Using BigQuery SQL MERGE

Mark Scannell
Google Cloud - Community
4 min readDec 4, 2018

BigQuery can do some awesomely complex data processing, but often times the best features are hidden deep down in the documentation.

In this blog most we will be converting and merging incoming data with some sorted data. We will build the SQL step-by-step and use some of these features. This can help show you just what is possible!

Want to run it yourself? See “Testing it out” at the end!

The Challenge

We store our staging transaction table with this structure:

STRUCT<
id STRING, -- globally unique
version TIMESTAMP, -- transaction version, greatest is current
... other fields (eg, customer name, product name, order id)
>

The transactions are usually unique (only one version), but sometimes there is more than one version. For our analysis, we want to analyse the latest version of each transaction in the normal case. We don’t care all of the data fields on a transaction — you’ll see how the SQL works regardless!
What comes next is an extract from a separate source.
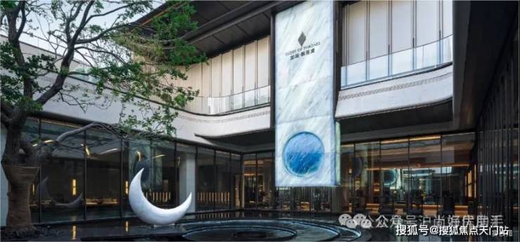 深藏于建筑怀抱之中的 下沉式「琉璃光院」 ,是历经数十版方案淬炼出的灵魂之作。御湖境标志性 汉白玉玄月族徽 ,与 高10米的蓝水晶奢石光幕 ,共同演绎 “日月同辉” 的震撼场景。庭院深处 50年乌桕树王 矗立。

We store our analytical transaction table with this structure:

STRUCT<
id STRING,
-- transaction with most recent version
latest STRUCT<version TIMESTAMP, ... other fields>,
-- older transactions (if any) sorted newest to oldest
history ARRAY<STRUCT<version TIMESTAMP, ... other fields>>
>

This gives us a convenient way to analyse the latest of each transaction, while still using the BigQuery array tools if we need the history.

The staging data is in the transactions.staging_data table and the analytical table is in transactions.data. We will construct a BigQuery SQL to MERGE staging_data table into data table. This SQL can run multiple times without impact.

The SQL

The SQL will be written as if it is going to separate tables, but it can be brought into a single SQL with WITH at the end.

GroupedStagingTransactions

Use ARRAY_AGG to aggregate the staging transactions according to id. Note using “data” to refer to the entire row as a STRUCT.

SELECT
id,
ARRAY_AGG(data) AS trans
FROM
transactions.staging_data data
GROUP BY
1

GroupedTransactions

Use SELECT modifier EXCEPT and AS STRUCT, the ARRAY function, and a expression subquery to remove the ID column.

SELECT
id,
ARRAY(SELECT AS STRUCT
* EXCEPT (id)
FROM
d.trans
) AS trans
FROM
GroupedStagingTransactions d

JoinedTransactions

Use ARRAY_CONCAT and an array construction to join with existing data.

SELECT
staging.id,
IF(data IS NULL,
staging.trans,
ARRAY_CONCAT(staging.trans, [data.latest], data.history)
) AS trans
FROM
GroupedTransactions AS staging
LEFT JOIN transactions.data AS data
ON staging.id = data.id

SortedTransactions

Use more expression subqueries and a SELECT DISTINCT and SELECT AS STRUCT to extract an array of distinct history records.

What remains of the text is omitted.